Using Q2 for functional gene analysis

Hi Q2 team!

I’m trying to use Q2 workflow to analyze functional gene amplicon sequencing data (Illumina MiSeq reads). This is what I have put together so far based on related posts (thank you for detailed postings):

  1. I merged my data in Casper and used an in house script to demultiplex, trim and quality filter.
  2. Import combined_seqs.fna with qiime tools import
  3. Dereplicate using qiime vsearch dereplicate-sequences

Here is where the problem beings:
There is a reference database (albeit small but it has recently been cited in the literature several times in the past year). How do I format the database to be used in open-reference clustering?

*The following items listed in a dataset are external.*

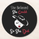 Motivational coaster that features the quote "She Believed She Could So She Did".
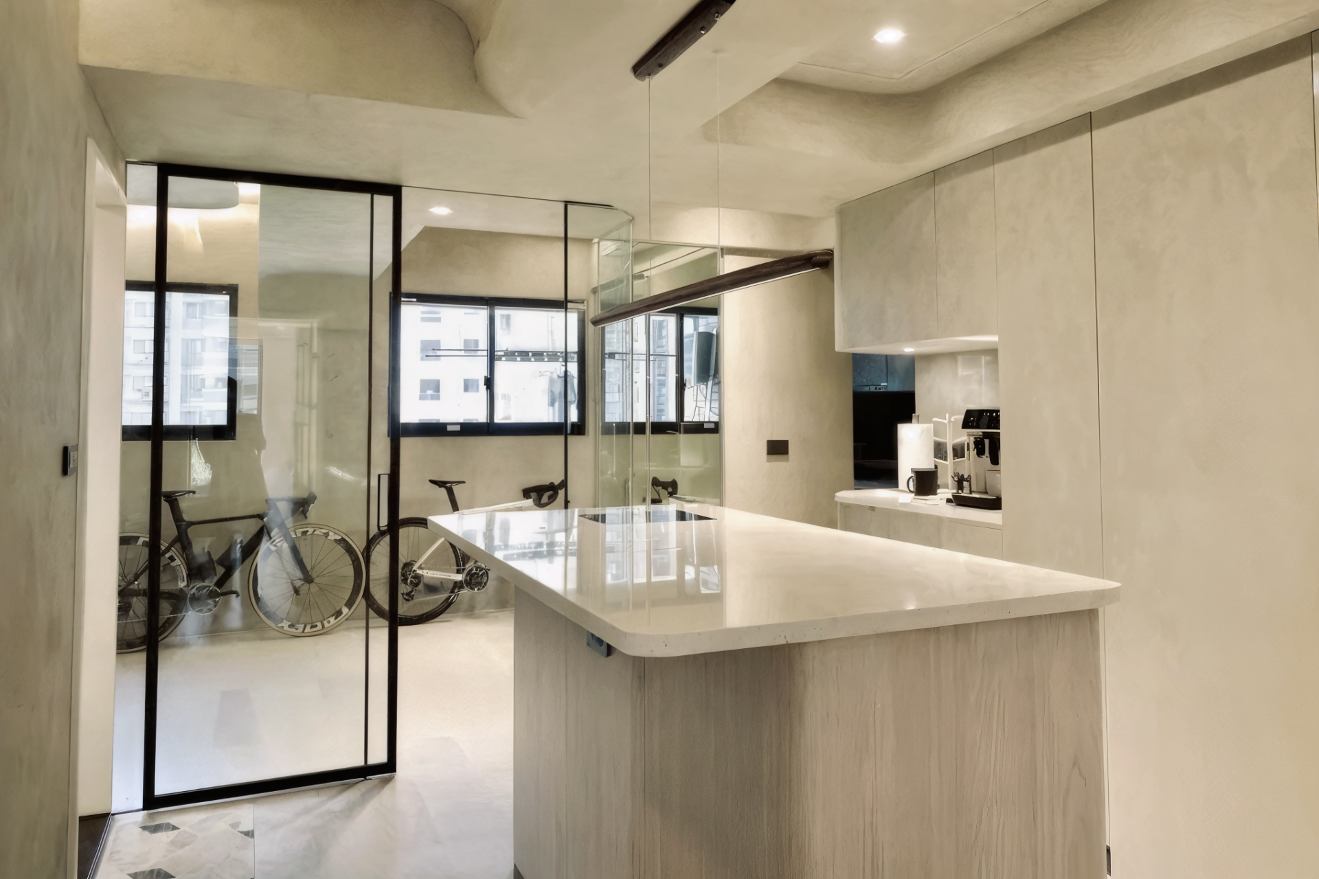 Infinite Micro tackles urban density via "Spatial Elasticity." Strategic mirrors and a pivot wall transform one zone into four: Fitness, Kitchen, Bar, and Living. Merging green coatings with Wabi-Sabi aesthetics, it creates a sustainable, soul-soothing sanctuary for the modern dweller.
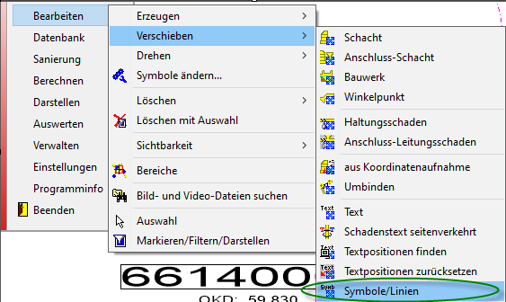 - Bearbeiten, Verschieben: Neue Funktion für das Verschieben von Symbolen/Linien verfügbar. Die bisherigen einzelnen Funktionen, z.B. Verschieben Schachtdeckel wurden aus dem Menü entfernt, sind aber als Befehle über Werkzeugleisten weiterhin verfügbar. Screenshot
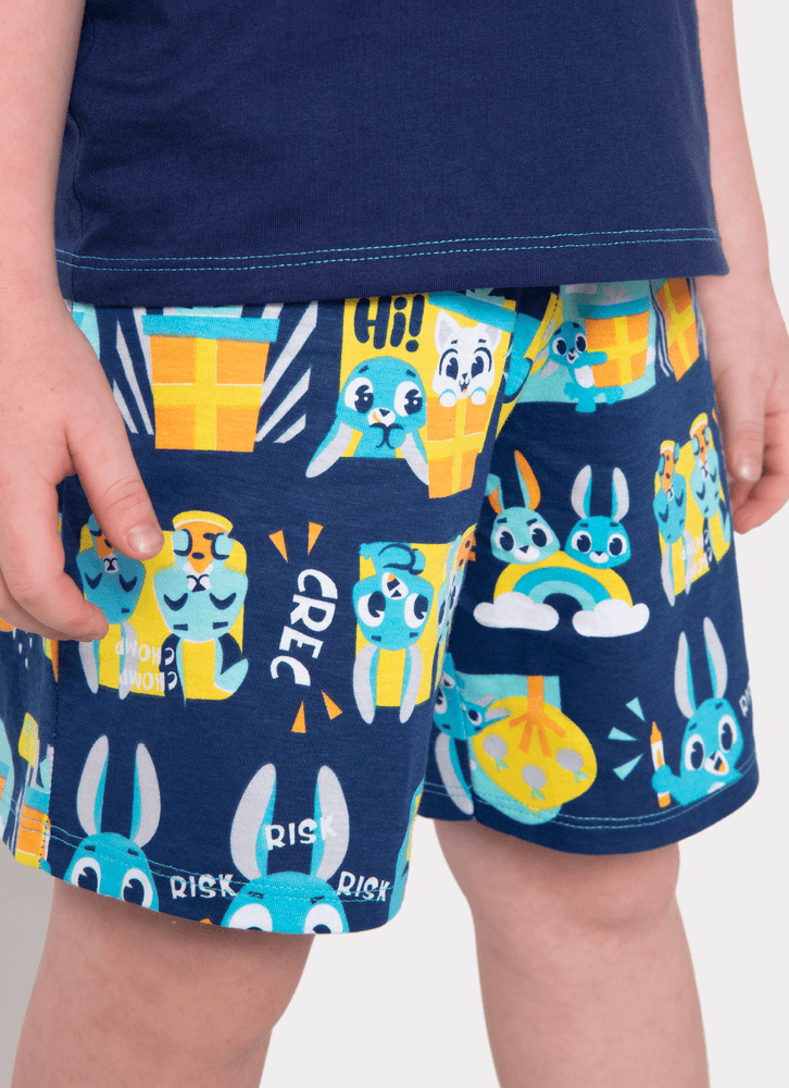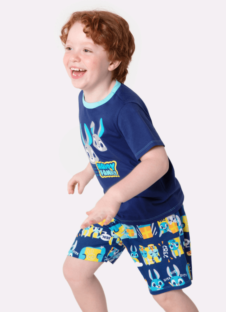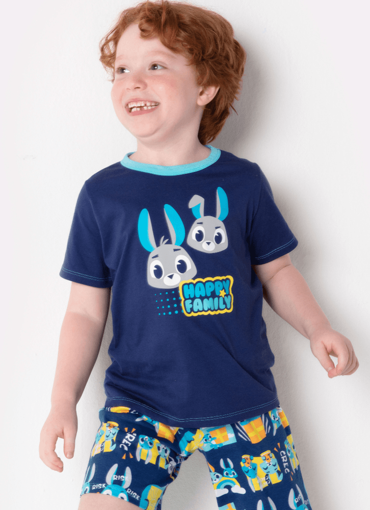 Pijama Manga Curta Menino Algodão Família Coelho
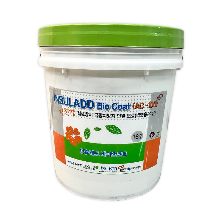 인슬래드바이오코트(AC-100)는 작업성 , 부착성 및 내후성이 매우 우수한 아크릴 에멀전 합성수지(INSULADD)와 특수한 세 라믹 및 무기질안료 등을 첨가하여 제조된 수용성의 벽면용 결로방지 ,곰팡이 방지 단열도료입니다 .
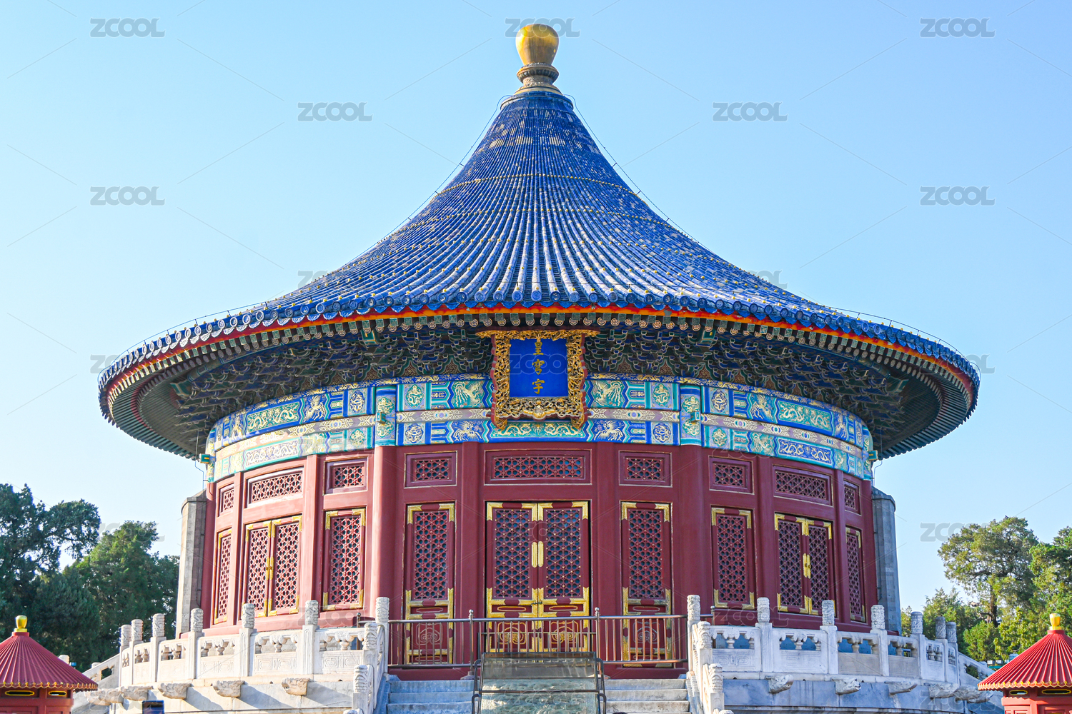 中国北京著名的天坛古建筑群和北京城市风光天际线
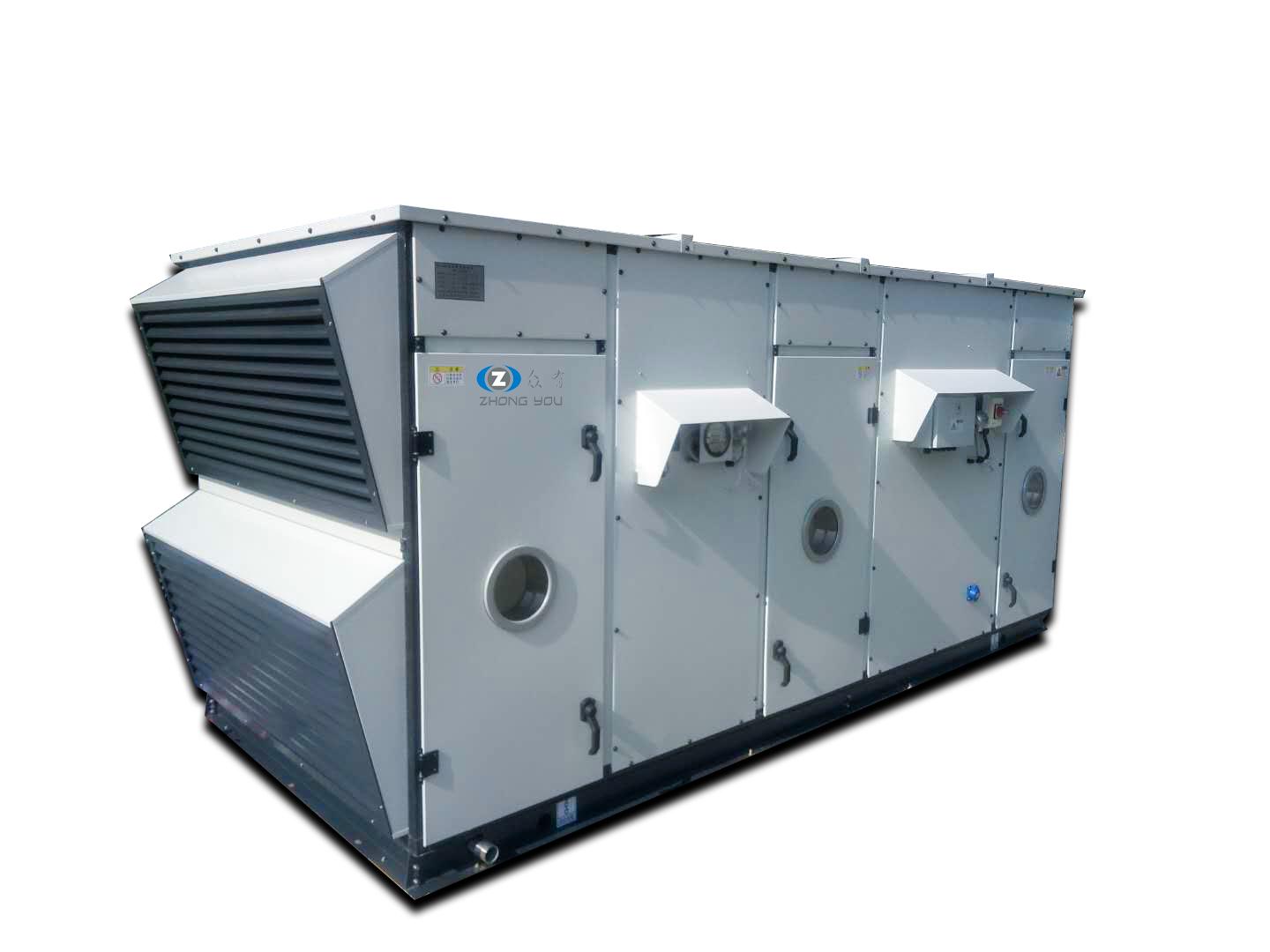將室外的新鮮空氣經處理后送入封閉區域、房間的機組,其蒸發器進風方式為全部新風(或者新風量占總送風量50%以上的也可以參考本規范),特點是工況惡劣、工況變化大。此類機組包括制冷、制熱、加濕、除濕、通風、潔凈等功能。其目的是為了配合回風機組,對房間工況進行調節,一般精度要求不高。

Currently the database is in two files, a FeatureData[Taxonomy] and FeatureData[Sequence].

I’m also starting to think about the classification steps.
Thank you for your help!

Hi @Analissa_Sarno,
Thanks for posting your question!

You can follow the same steps that you use for your query sequences, i.e., dereplicate with vsearch dereplicate-sequences. The outputs from that action can be input to cluster-features-de-novo.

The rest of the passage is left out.